Secured personal loans
Secured personal loans are one of the most popular types of personal loans. They are available to borrowers who want to secure a specific asset to make the loan payments, such as a car or home. This type of loan is also known as a collateralized personal loan, which means that your loan’s security comes from something other than yourself. The value of the collateral can vary but typically ranges between 20% and 80% of the loan amount, depending on your situation and financial circumstances. The collateral you choose will determine how much money you can borrow and when to pay it back.
The main advantage of secured personal loans is that they offer more flexibility than other options, such as standard unsecured loans. You don’t need to provide any additional collateral because you already have something valuable that can be used as security for your loan payment.
Fixed-rate loans offer a higher interest rate than variable rates but lower than the prime rate, which is the rate at which banks borrow money from each other. They are generally for two to five years, although longer-term fixed-rate options are available.
Because fixed-rate loans offer less flexibility in managing your monthly payments, they’re generally only suitable for borrowers with an established credit history who can afford to make larger monthly payments.
Adjustable-rate mortgages (ARMs)
Adjustable-rates mortgages (ARMs) are another type of personal loan that can be used to consolidate debt or pay off credit cards. There are two types of ARMs: fixed-rate and variable-rate. A variable-rate ARM has an adjustable interest rate that can change each month, while a fixed-rate ARM has an interest rate that remains unchanged throughout the duration of the loan. Both types have limited maximums for monthly payments, but they differ in their length of time before those limits kick in and become due.
Revolving credit is a type of credit that allows you to borrow funds against your available balance. It’s also known as a revolving line of credit, which means it can be used to make multiple purchases over time. The main difference between this type of loan and other types is that it’s not secured by collateral. Instead, the lender assumes the risk if you don’t repay the loan on time.
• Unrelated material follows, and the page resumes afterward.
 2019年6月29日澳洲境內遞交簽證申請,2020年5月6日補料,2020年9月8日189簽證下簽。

Variable-rate loans are the most common form of personal loans. It may be appealing to borrowers because they offer lower interest rates than fixed-rate loans and are often more flexible, depending on the borrower’s needs at a point in time.
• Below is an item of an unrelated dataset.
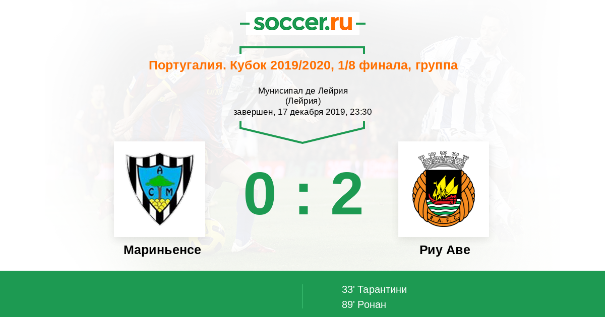 Протокол матча Мариньенсе против Риу Аве

With a variable-rate loan, the interest rate on your loan is tied to the prime rate, which can change daily. This means that if there is an increase in prime rates, you will be charged a higher interest rate and vice versa.
Personal loans offer more flexibility than other types of loans because there are no set rules about when or how much you can borrow. They are good for short-term cash needs and can remain used for any purpose, such as buying groceries or paying for a vacation. Personal loan generally have lower interest rates than other types of credit cards and home equity lines of credit (HELOCs).